George Bush is pushing a bi-partisan growth package targeting $150 billion in tax relief at individuals and businesses to kick-start private sector spending. That is a stimulus equal to 1% of U.S. GDP.
In the U.K. the equivalent amount would be a £13 billion, a quarter of what the government has used to prop up one insolvent bank to protect a mere 6,000 jobs in Labour’s North East heartlands.
A growth package should include two simple elements of action:
Housing market – stamp duty should be abolished for two years to help resuscitate the property market. House builder shares have slumped as demand expectations have plummeted, this is a relatively cheap way to boost sentiment and help young families in particular.
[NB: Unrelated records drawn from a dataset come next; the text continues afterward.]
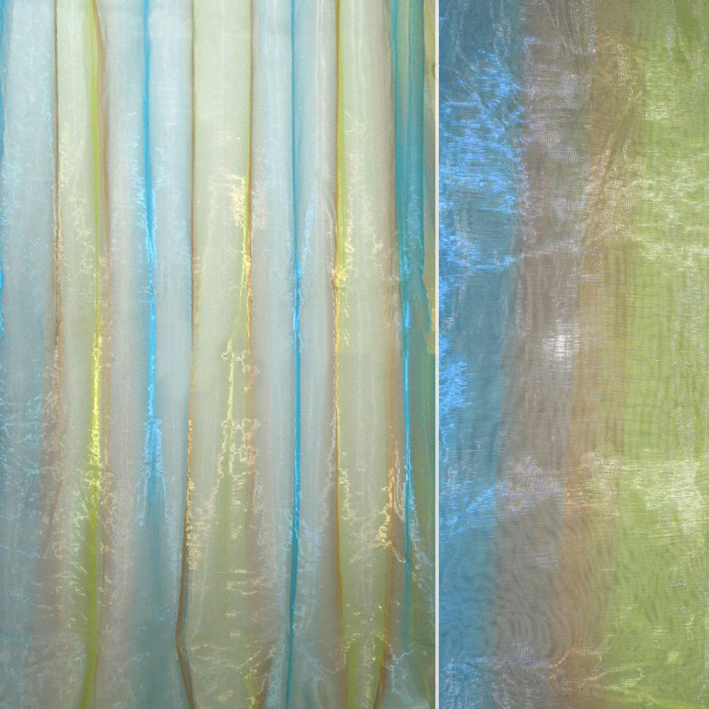 Описание Органза тюль радуга синяя, оранжевая, желтая ш.300. Состав ткани: Капрон-100. Плотность ткани: 32 г/м.кв. Страна производитель: Южная Корея. Полупрозрачная, воздухопроницаемая, легкая ткань с дизайнерским рисунком. Материал формообразующий, при драпировке укладывается в воздушные складки и принимает устойчивую форму.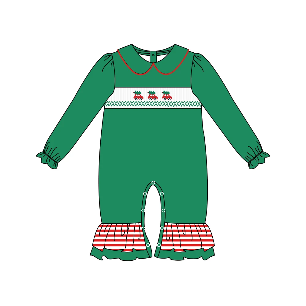 Рождественская одежда, детский комбинезон, детская одежда с рисунком Санты и грузовика, длинные брюки с круглым вырезом для девочек, бутик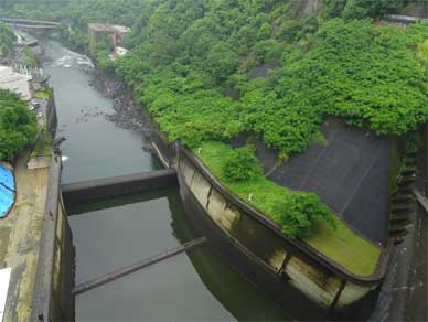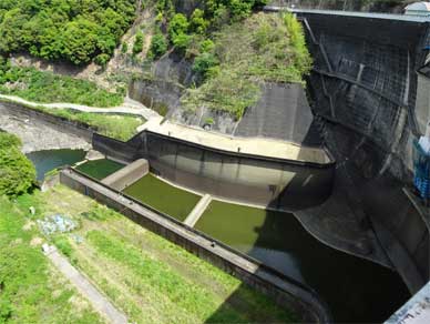 天端から下流側を見て、びっくりしました。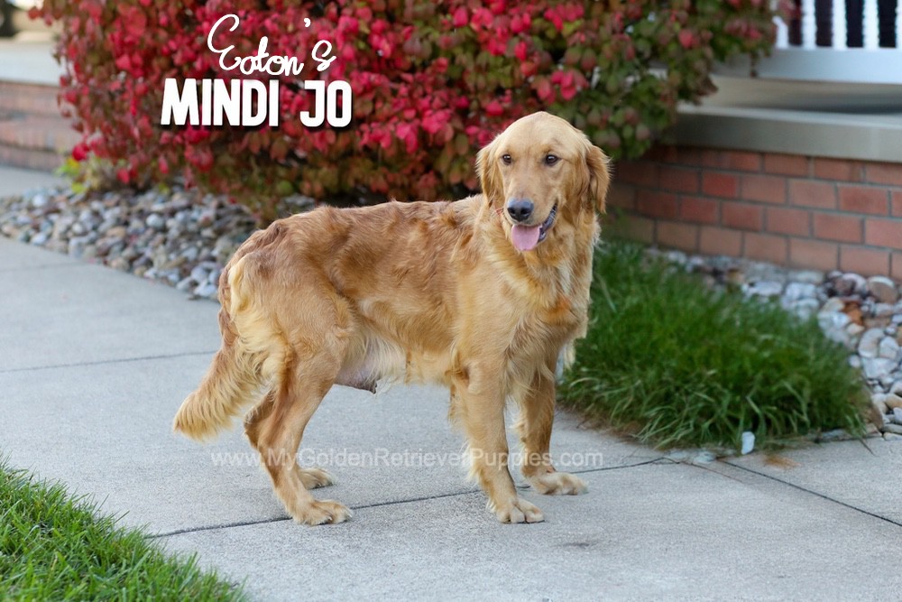 The sire Brody is a handsome medium-light golden color with a friendly personality who is OFA hip, elbow and heart certified. The mother Mindi is a sweet medium golden. Both parents are DNA health-tested.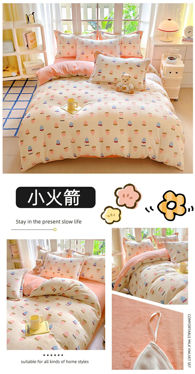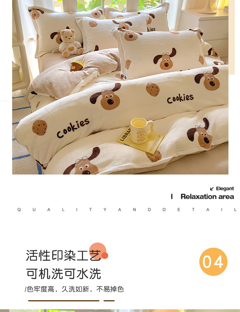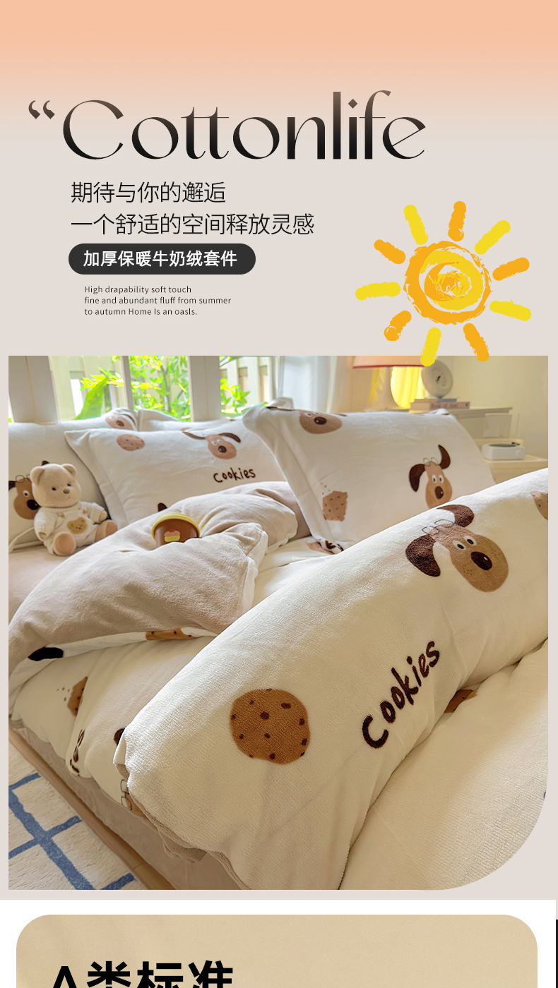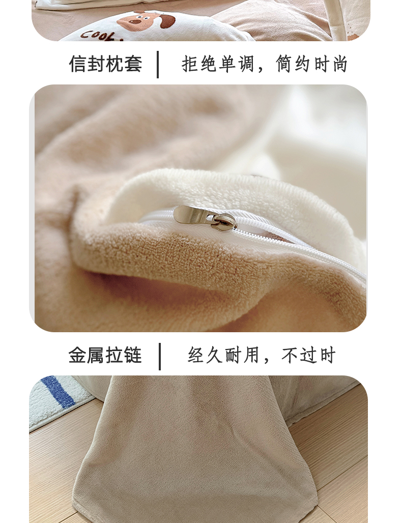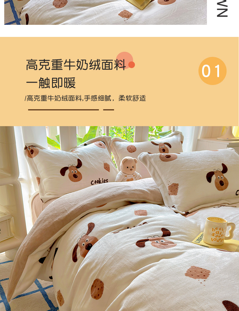 当前位置: 91家纺网 > 商品网购 > 床品套件 > 四件套 > 牛奶绒四件套 > 百寐 2024新款加厚A类牛奶绒印花卡通床单床笠四件套三件套 开心狗狗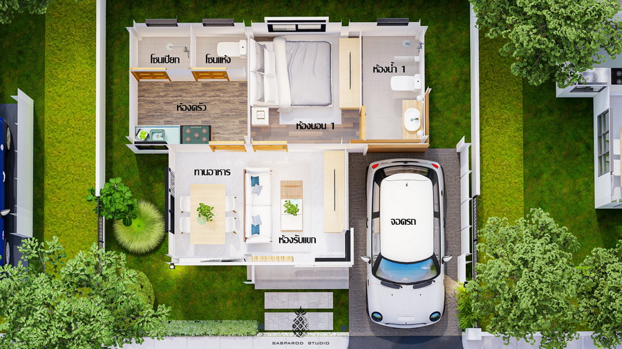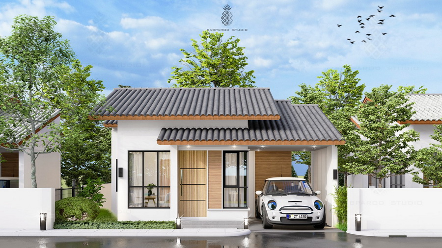 แบบบ้านที่ให้กลิ่นอายแบบบ้านสไตล์ญี่ปุ่น ผลงานการออกแบบโดยทีมสถาปนิกจาก Sabparod Studio เป็นบ้านขนาดเล็กที่มีรายละเอียดการออกแบบและตกแต่งที่เรียบง่าย เหมาะกับคนหนุ่มสาวยุคใหม่ รวมไปถึงยังเหมาะกับครอบครัวขนาดเล็กอีกด้วย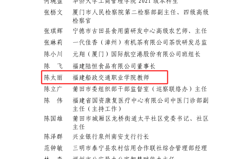 近日,共青團福建省委公示2025年度福建青年五四獎章、福建新時代青年先鋒、福建省五四紅旗團委(團支部)、福建省優(yōu)秀共青團員、福建省優(yōu)秀共青團干部表彰對象。我院教師陳太麗獲評“2025年度福建省新時代青年先鋒”榮譽稱號,特此祝賀!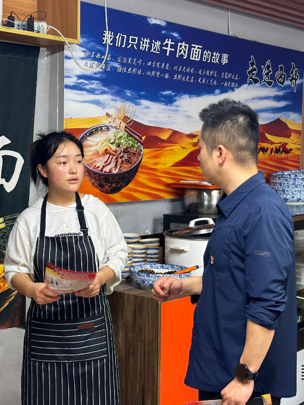 在進(jìn)行安全教育宣傳同時(shí),黨員及志愿者們對(duì)商戶及公寓開展“拉網(wǎng)式”安全隱患排查工作,志愿者們細(xì)致地檢查了滅火器的合格性、確保其存放位置處于干燥通風(fēng)且便于取用的環(huán)境、電線是否規(guī)范布設(shè)、應(yīng)急照明燈的完好性以及安全出口的暢通情況等潛在的安全隱患。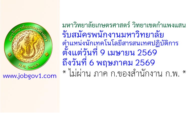 มหาวิทยาลัยเกษตรศาสตร์ วิทยาเขตกำแพงแสน รับสมัครพนักงานมหาวิทยาลัย ตำแหน่งนักเทคโนโลยีสารสนเทศปฏิบัติการ ตั้งแต่วันที่ 9 เมษายน 2569 ถึงวันที่ 6 พฤษภาคม 2569

£500 per taxpayer flat relief – no matter what your level of taxation. This would disproportionately favour those taxpayers on lower incomes, boosting high street spending at a difficult time for retailers. It is simple and easy to implement, would be populist and would let individuals, rather than Whitehall, decide their own spending priorities. The receipt of a cheque for £500 by millions of taxpayers would boost economic growth from the bottom up in a healthy, decentralised way.
Greenspan says today the U.S. is teetering on the edge of recession, Mervyn King has said the same of the U.K., the cost of not acting now will be higher later…
UPDATE: Just read Osborne’s speech and am reminded that it is is already Tory policy to lift the stamp duty threshold for first time buyers to £250,000, taking nine out of ten out of the tax altogether.